What are your apps doing with your data?

PATH, an app for iOS and Android, says it is “The smart journal that helps you share life with the ones you love.”



Published: Fri 17 Feb 2012, 9:52 PM

Last updated: Fri 3 Apr 2015, 1:53 AM

It is a very nice app, which combines some exciting elements from other social networks. But Path has not had a great start to 2012 and what’s been transpiring raise serious issues for anyone and everyone that has a smartphone or tablet and download and install apps.

A programmer named Arun Thampi posted on his blog that he found that the Path app for iOS was uploading the entire address book from the iPhone to Path’s servers and did so without asking permission or giving the user any kind of notice. Now, it’s not unusual that apps download app to servers to store it there, process it, or perhaps just back it up. But the app should ask the user if they think that’s okay before doing anything with it, especially before uploading it to somewhere online.

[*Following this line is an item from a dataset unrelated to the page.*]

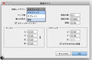 新規サイト作成に、初期レイアウトとして「デスクトップ」「タブレット」「電話」という3パターンが用意されています。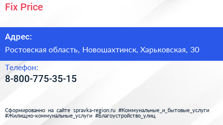 Fix Price по адресу Ростовская область, Новошахтинск, Харьковская, 30 в дальнейшем Организация, размещена в следующих категориях:

This spread like wildfire around the Internet and lots of people were asking Path why this was happening. Path’s CEO, Dan Morin, quickly commented on this, saying: “We upload the address book to our servers in order to help the user find and connect to their friends and family on Path quickly and effeciently (sic!) as well as to notify them when friends and family join Path. Nothing more.” Morin added that Path was rolling out an update of the iOS app, which would add an opt-in for this functionality.

That was not enough, however, and it didn’t take long for Morin to announce that Path had deleted all the information that had been uploaded to its servers and would not upload anything else without the user giving their permission. A new version of the Path app is being worked on that will, Morin said, remedy this.

Although this situation with Path highlights some of the problems in the relatively new area of mobile apps better than almost any other case I can remember, it’s not the first and won’t be the last. What it was in the case of Path that made experienced an experienced group of developers and entrepreneurs either ignore that this would be an issue or just miss it altogether, I don’t know. I do know I’m surprised it happened at all.

What I also know is that the lesson must be that ultimately it is you that has the responsibility for what goes on your smartphone. You select what you install and how you use an app. Those who develop apps have the responsibility to be as informative and transparent as possible with us and what they do with our information.

To some extent that means we will have to trust them, and in the case of Path, thousands of users clearly got the short end of the stick. And most users are not app-experts, nor should they have to be.